La vita di Adele – Abdellatif Kechiche

Creato il 25 marzo 2014 da Amalia Temperini @kealia81

Ieri sera ho visto il film di Abdellatif Kechiche, La vita di Adele.

Mi limiterò a scrivere quanto di più concreto possa esserci, poiché ritengo che buona parte del lavoro sia una forzatura strozzata su uno studio dedicato all’esistenza umana, racchiusa in una farsa giovanilistica costruita a mozziconi bruciacchiati e spenti per paura di essere scoperti dalla mamma in una fase nevrastenica della propria vita.

Non so quanti di voi lo abbiamo visto. Di sicuro qualcuno perplesso ci sarà. Quello che rimane di questa storia confusa, assente, straniante e non identificativa è il nitrito impellente di quei quattro maschi arrapati e nascosti in una sala cinematografica non pienissima, accecati dal potere di due fighe che copulano senza passare attraverso i filtri virtuali di lobstertube o youporn, in più scene, per tutta la durata del film.

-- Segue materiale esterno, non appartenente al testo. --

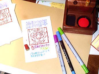 ● あとは宛先を書いてコメントのひとつでも添えれば立派な手作り年賀状の出来上がり!.....でもこれって虎というよりはタチの悪いドラネコみたいですね。あ、そうそう、私は自分の名前のハンコも彫ってありまして、それで最後のサインがわりに使っています(朱肉はそのためのものです)。
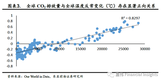 CO2排放量与全球温度变化存在显著正相关。全球CO2排放量在1951年进入加速期,随之在1976年全球温度上升也进入加速期,考虑到CO2从排放到引起气候变化需要时间,将1935年后全球CO2排放量与对应时间15年后的世界温度相对于1961-1990平均水平异常变化的中值做回归,回归后R2为0.83,且P值显著小于0.01,表明CO2排放量与全球温度变化存在显著正相关关系。
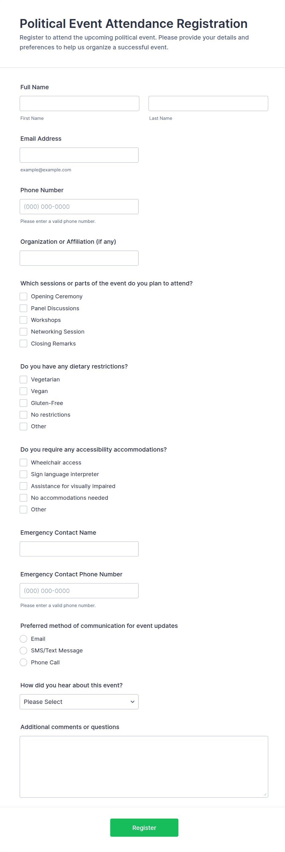 • Content and fields vary based on event type: For example, a conference form may include session selection and company details, while a wedding RSVP form might ask for meal preferences and plus-one information.
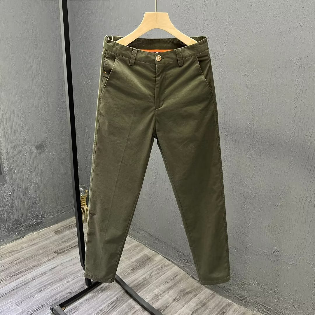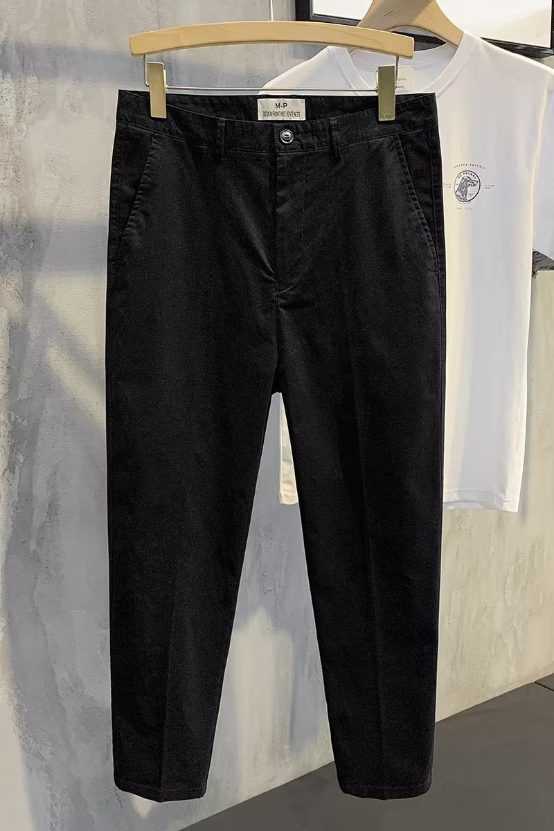 흰색 캐주얼 바지 남자의 여름 얇은 바지 작은 스트레이트 바지 간단한 봄과 가을 남자의 자른 바지 비즈니스 면 바지
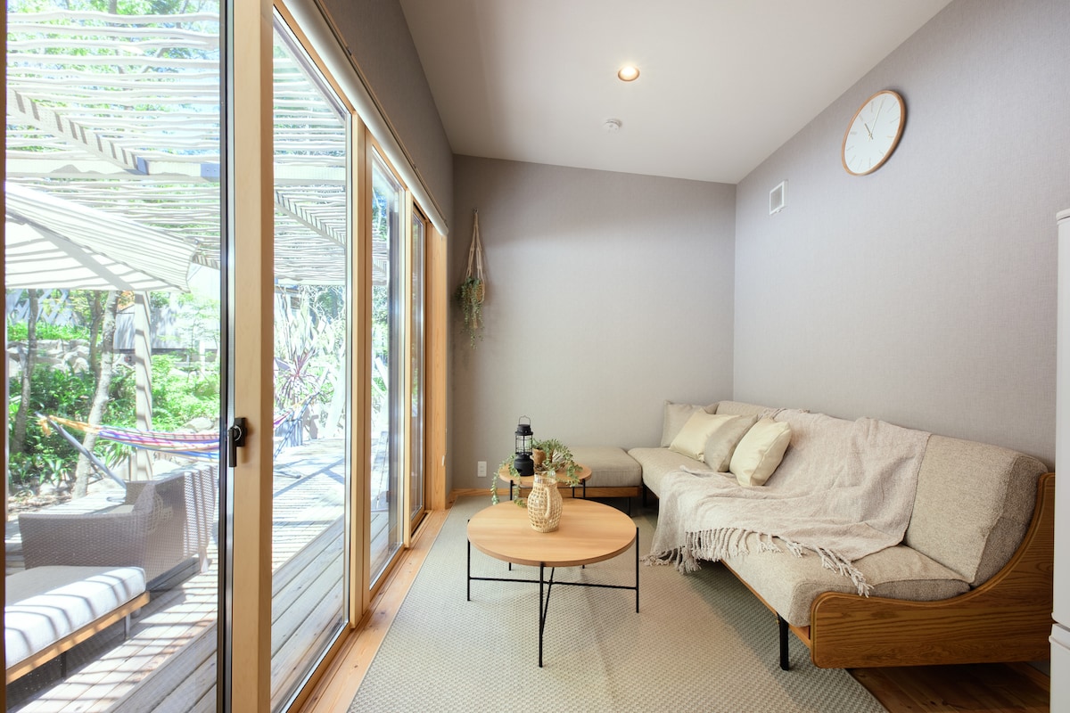 Prywatna willa w spokojnej okolicy Hakone Sengokuhara, gdzie możesz się zrelaksować i odpocząć Okolica mieszkalna w Hakone Sengokuhara. Nie w centrum atrakcji turystycznych, nie w górach, ale w spokojnym miejscu, gdzie można cieszyć się codziennością COCO VILLA Hakone Sengokuhara znajduje się. Nowoczesna rezydencja w japońskim stylu w czarnej tonacji wtapia się w otaczający krajobraz. Za dużymi oknami w salonie znajduje się duży ogród i wysokie drzewa, Chociaż jest to dzielnica mieszkalna, to spokojne miejsce, w którym można spędzić czas bez obawy, że ktoś Cię zobaczy. W ogrodzie znajduje się charakterystyczna sauna i palenisko. Wewnątrz znajduje się w pełni wyposażona kuchnia i duży salon, Wyposażony w pokój w stylu japońskim, który może być używany wygodnie nawet przez duże grupy, To rozwiązanie, w którym każda osoba może spędzać czas bez żadnych problemów. Zachowaj trochę dystansu od codziennego hałasu, W ciszy możesz skupić się na swoich zmysłach i czasie spędzanym z ludźmi. COCO VILLA Hakone Sengokuhara to Sam pobyt to miejsce, w którym można powoli się zrelaksować.

La trama è incentrata sul senso di vuoto provato da Adele, una ragazza di 18 – 19 anni che si appresta a conoscere la sua identità, un po’ troppo tardi rispetto alla media dei ragazzi dei nostri giorni. E’ una donna con una grande confusione in testa, che ha una famiglia annoiata, e che ha con un ragazzo che vorrebbe amarla nel senso più puro del termine, ma che lei silura nel giro di poche battute.

Forse sono un po’ troppo frettolosa nel giudizio, ma la produzione, seppur abbia vinto Cannes 2013, non dona a intensità e nessun tipo di trasporto.

Mi rendo conto sempre più di quanto il cinema francese contemporaneo stia generando alle mie posizioni personali noie su noie. I silenzi, il trancio netto delle scene, i collegamenti che bisogna fare per riempire tutti gli spazi temporali lasciati dai registi, mi lasciano troppo perplessa, non convincendomi affatto.

Di questo, poi, non c’è evoluzione e comprensione nella dimensione che voglia prendere la sceneggiatura. Mi rimane difficile stabilire se si tratta di una critica alle posizioni della società, alla élite culturali, al ruolo del sistema arte, oppure se c’è altro: una sfida alla semplicità o alla rassegnazione sul proprio vissuto.

Non basta imbandire una tavola ricca di riferimenti senza sceglierne uno netto, che sappia guidare il punto di vista. Sembra fare surf su una tavola di compensato. E questo lavoro, sebbene abbia fatto scalpore per la rilevanza saffica in vista per troppi minuti, non ha niente, non appone elementi positivi al superamento di certe criticità in merito alla lotta che portano avanti gli omosessuali nel riconoscimento e nella tutela della propria appartenenza di genere.

C’entra Sartre? In che modo?

È citato il suo testo L’esistenzialismo è un umanismo e mi sembra di capire che la lettura debba partire da qui, e che buona parte della giuria, nel momento in cui ha assegnato il premio, sia stata convinto da uno di questi rimandi.

Mi chiedo però se sia giusto lasciare il pubblico così in sospeso. Non mi ritengo una cretina qualunque, non una di quelle che passano la vita a chiedersi chi e cosa ci sia dietro il significato del film di Sorrentino, La grande bellezza, o a polemizzare sulla futura uscita del progetto di Lars Von Trier, Nymphomaniac, ma sono sicura che su questi ultimi due progetti il simbolismo scenico abbia una presa di posizione che ponga lo spettatore in una chiave precisa nella interpretazione del lavoro.

In La vita di Adele non c’è una messa in crisi costruttiva, non c’è evoluzione del personaggio, non c’è rassegnazione. Esiste solo un’immobilità in entrata e in uscita che si sviluppa in due piani di ripresa che danzano tra posizioni oniriche, non approfondite, e scorci di realtà con riprese fatte a mano confusamente su inquadrature precise (la bocca, il modo di mangiare, dormire e nuotare).

Il secondo personaggio, quello funzionale alla figura della protagonista, è Emma. L’artista fricchettona che si dedica amaramente alla purezza di questa ragazzetta, troppo lontana dalla semplicità di un mondo normale, arrabbiata sul fatto che alcuni collezionisti potrebbero considerarla o no nel giro.

Tutto l’infinito culturale che sarebbe potuto nascere da questa pellicola rimane fossilizzato in nicchie racchiuse in classi di controllo delle quali io mi sono rotta solo le scatole.

Lo consiglio, ma solo per incazzarvi e trovare, assieme a me, una ragione alle mille tonalità di blu presenti.